> **Exercise**: Leave the pictures aside and copy all the data exactly.

(Data items)
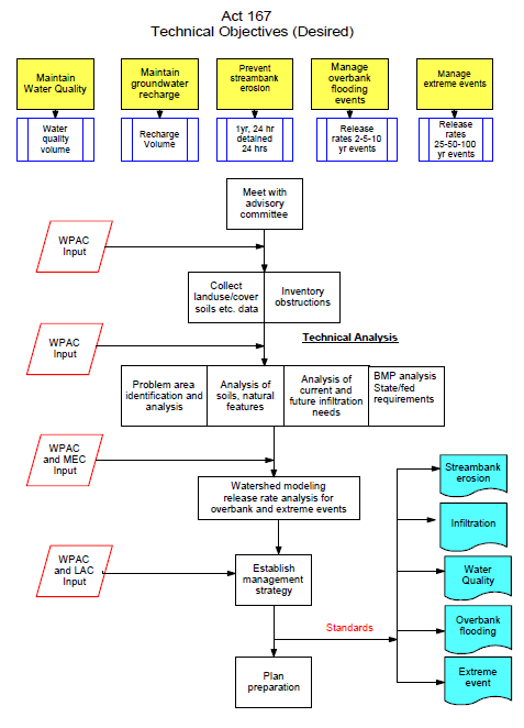 Pennsylvania Act 167 requires counties to prepare and adopt stormwater management plans for each of its watersheds. Act 167 stormwater plans provide uniform technical standards and criteria for the management of stormwater runoff from new land development and redevelopment sites throughout a watershed. These plans are prepared in consultation with municipalities located in the watershed, working through a Watershed Plan Advisory Committee (WPAC) comprised of local officials and other interested parties.
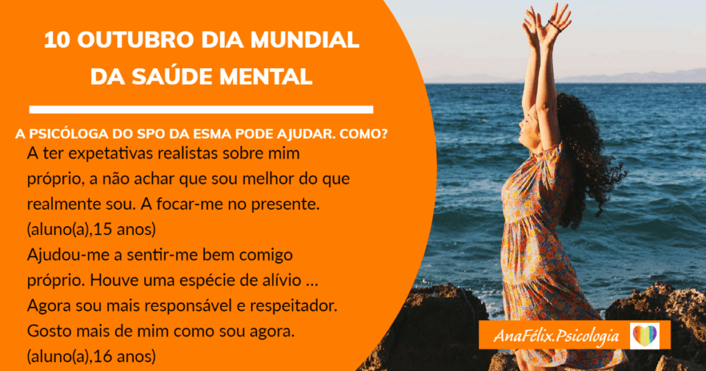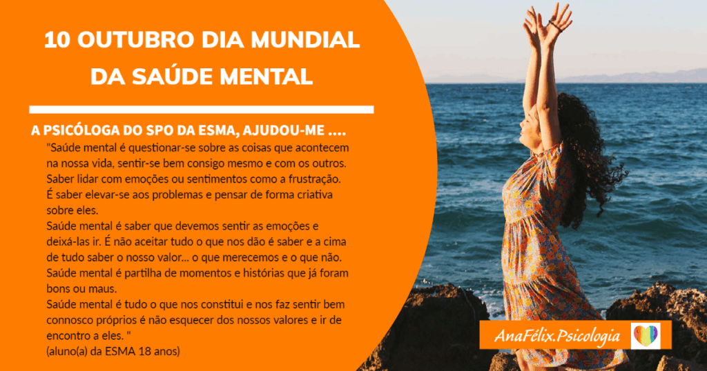 Dia 10 outubro, comemora-se o Dia Mundial da Saúde Mental. Como bem diz a Ordem dos Psicólogos Portugueses, ” Não há Saúde sem Saúde Psicológica” (https://escolasaudavelmente.
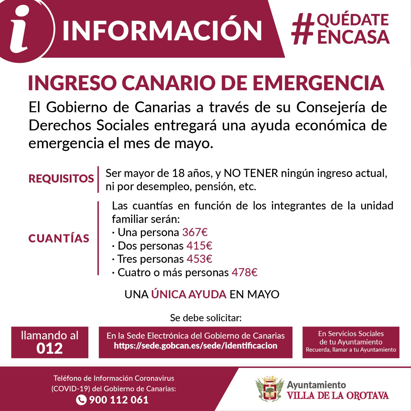 El Gobierno de Canarias entregará una Ayuda Económica de Emergencia, en el mes de mayo, SOLO en el caso de no tener ningún ingreso, ni por desempleo, ni pensión... Se debe ser mayor de 18 años. Y será una única ayuda en el citado mes de mayo. Las ayudas dependerán de los integrantes de la familia.
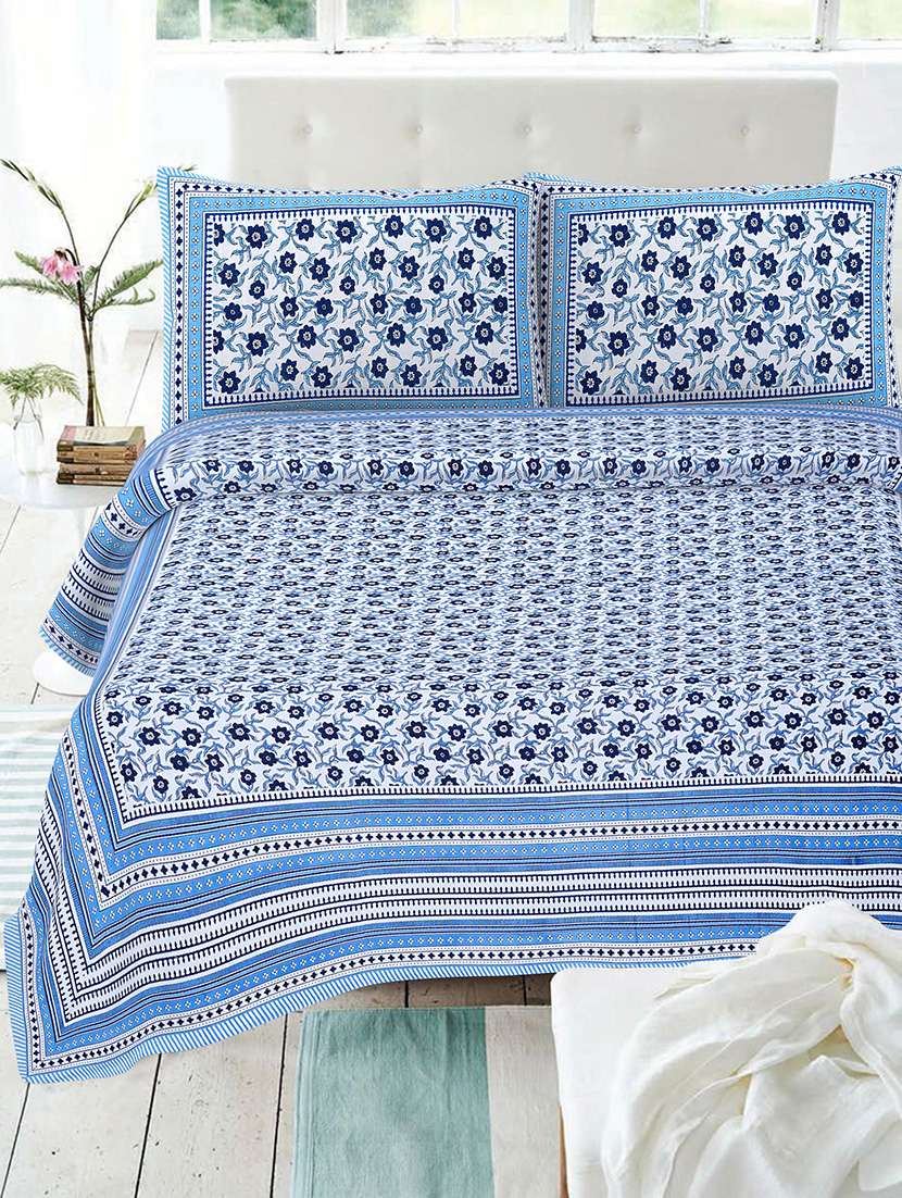 - » texstylehome multicolor cotton 86 x 106 inch jaipuri print double bedsheets with 2 pillow covers
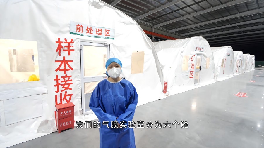 8月21日晚,医学部赴襄阳市中医医院的实习生收到紧急通知,将于次日集合前往气膜实验室进行防疫工作。“对许多人来说,核酸检测就是‘捅一下嗓子,等一段时间,拿一张报告’,而对于一线的医务人员来说,却远远没有这么简单。”实习组组长崔暖同学介绍说。实习生的工作场地位于襄阳市气膜实验室,分为前处理区、提取区、扩增区等多个实验室,由襄阳市中心医院管控。自本轮疫情发生以来,指挥部紧急从各地抽调大批医务人员集结于此,完成核酸样本的检测工作。
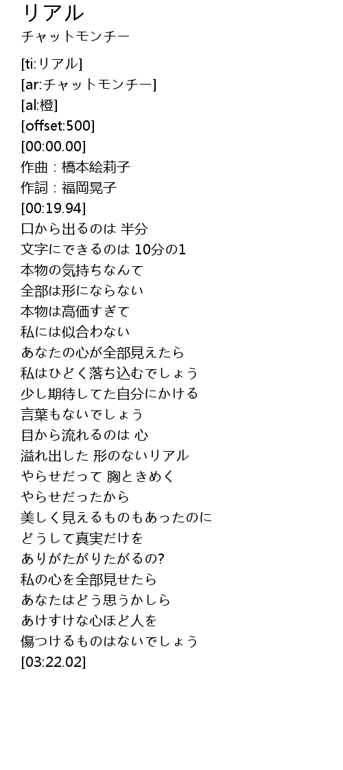 | [02:05.30] | 溢れ出した 形のないリアル |
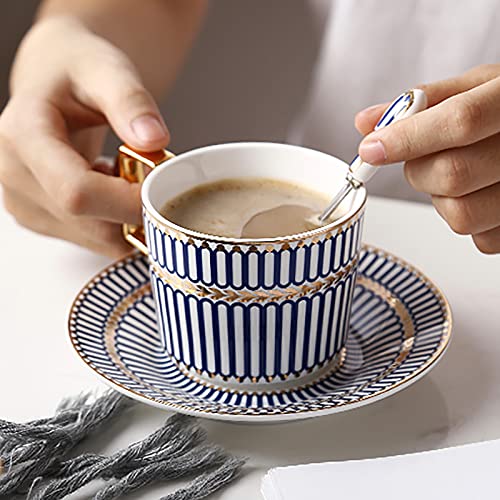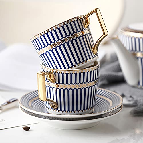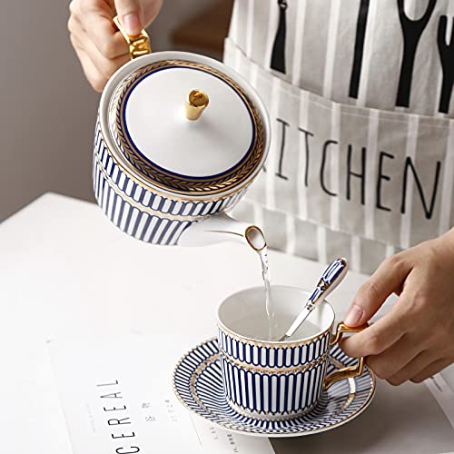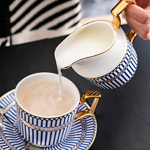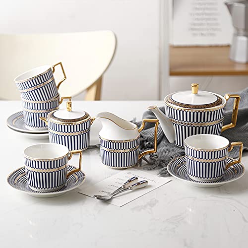 15 Pieces Porcelain Tea Set Coffee Cup and Saucer Sets, Blue Stripes Tea Service with Teapot, Sugar Bowl, Cream Pitcher,Spoons
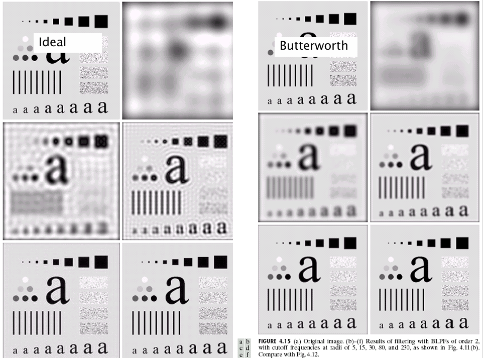 좌측은 Ideal Lowpass Filters, 우측은 Butterworth Lowpass Filters를 동일한 조건에서 적용했을 때 이미지 차이를 보여준다. Ideal 필터는 이론적으로 명확하지마나 Ringing 현상이 큼을 확인할 수 있다. Butterworth 필터는 현실적 적용에 더 적합하며, 자연스러운 흐림 효과를 제공한다. 실제 이미지 처리에서는 Butterworth 필터가 더 안정적이다.
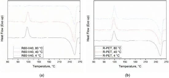 Thermograms of R60-V40 (a) and R-PET (b) molded with different mold temperatures.

> **Output for this task**:
 Pennsylvania Act 167 requires counties to prepare and adopt stormwater management plans for each of its watersheds. Act 167 stormwater plans provide uniform technical standards and criteria for the management of stormwater runoff from new land development and redevelopment sites throughout a watershed. These plans are prepared in consultation with municipalities located in the watershed, working through a Watershed Plan Advisory Committee (WPAC) comprised of local officials and other interested parties.
 Dia 10 outubro, comemora-se o Dia Mundial da Saúde Mental. Como bem diz a Ordem dos Psicólogos Portugueses, ” Não há Saúde sem Saúde Psicológica” (https://escolasaudavelmente.
 El Gobierno de Canarias entregará una Ayuda Económica de Emergencia, en el mes de mayo, SOLO en el caso de no tener ningún ingreso, ni por desempleo, ni pensión... Se debe ser mayor de 18 años. Y será una única ayuda en el citado mes de mayo. Las ayudas dependerán de los integrantes de la familia.
 - » texstylehome multicolor cotton 86 x 106 inch jaipuri print double bedsheets with 2 pillow covers
 8月21日晚,医学部赴襄阳市中医医院的实习生收到紧急通知,将于次日集合前往气膜实验室进行防疫工作。“对许多人来说,核酸检测就是‘捅一下嗓子,等一段时间,拿一张报告’,而对于一线的医务人员来说,却远远没有这么简单。”实习组组长崔暖同学介绍说。实习生的工作场地位于襄阳市气膜实验室,分为前处理区、提取区、扩增区等多个实验室,由襄阳市中心医院管控。自本轮疫情发生以来,指挥部紧急从各地抽调大批医务人员集结于此,完成核酸样本的检测工作。
 | [02:05.30] | 溢れ出した 形のないリアル |
 15 Pieces Porcelain Tea Set Coffee Cup and Saucer Sets, Blue Stripes Tea Service with Teapot, Sugar Bowl, Cream Pitcher,Spoons
 좌측은 Ideal Lowpass Filters, 우측은 Butterworth Lowpass Filters를 동일한 조건에서 적용했을 때 이미지 차이를 보여준다. Ideal 필터는 이론적으로 명확하지마나 Ringing 현상이 큼을 확인할 수 있다. Butterworth 필터는 현실적 적용에 더 적합하며, 자연스러운 흐림 효과를 제공한다. 실제 이미지 처리에서는 Butterworth 필터가 더 안정적이다.
 Thermograms of R60-V40 (a) and R-PET (b) molded with different mold temperatures.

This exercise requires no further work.